Peter Andreas Holger Sinding-Larsen (5 July 1869 - 12 December 1938) was a Norwegian architect. He is most associated with his work at Akershus Fortress, where he was a member of the restoration committee and architect from 1905 to 1922.

==Biography==
Sinding-Larsen was born in Christiania (now Oslo), Norway. He was the son of Alfred Sinding-Larsen (1839–1911) and Elisabeth Lange (1842–1887). He was a brother of physician Christian Magnus Sinding-Larsen, colonel Birger Fredrik Sinding-Larsen and painter Kristofer Sinding-Larsen.

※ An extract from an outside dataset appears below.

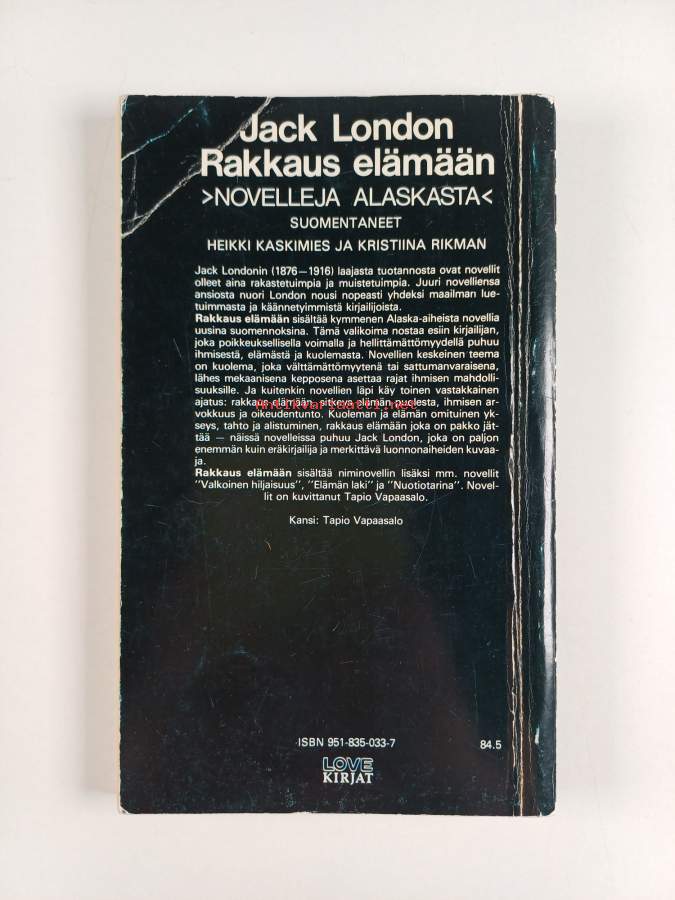 Hyvä. Tarkempi kuntoluokka: K3- ; Hieman kulumaa kansissa, pienoista kolhua kansissa, pienoista repeämää selkämyksen päissä, hieman taitejälkeä kansissa, selkämyksessä hieman vinoutta, selkämyksessä lukutaittumaa

Sinding-Larsen began his education at Kristiania tekniske skole (now Oslo ingeniørhøgskole) from 1885 to 1889 and received training from Herman Major Schirmer during surveying in Gudbrandsdalen. Then he studied in Berlin at the Technische Hochschule Charlottenburg (now Technische Universität Berlin) from 1892 to 1893 and served as an assistant under Johannes Vollmer in 1893. In the latter half of the 1890s, he went on study trips to Spain, Italy and Greece, but also to the UK and Sweden.

In 1895, he won the competition to design Holmenkollen Chapel from among 27 participants. He married Sine Broch Martens on 28 December 1895, at Johanneskirken in Bergen, Norway. He was in Paris for the Exposition Universelle (1900), where he designed the Norwegian Pavilion. In 1907, he became building inspector for the University of Christiania (now University of Oslo), a position he held until 1924. During the years between 1904 and 1915, he designed a number of large buildings at the university as well as several churches. Holger Sinding-Larsen was also awarded a silver medal for Designs for Town Planning in connection with the 1920 Summer Olympics in Antwerp.

Sinding-Larsen founded the Young Architects Association in 1891. In 1906, he started the Christiania Architectural Association, he also served as a teacher at the National Academy of the Arts School. He was awarded the King's Medal of Merit in gold and Fridtjof Nansen Prize for Outstanding Research. He was also knighted in the Swedish Order of Vasa.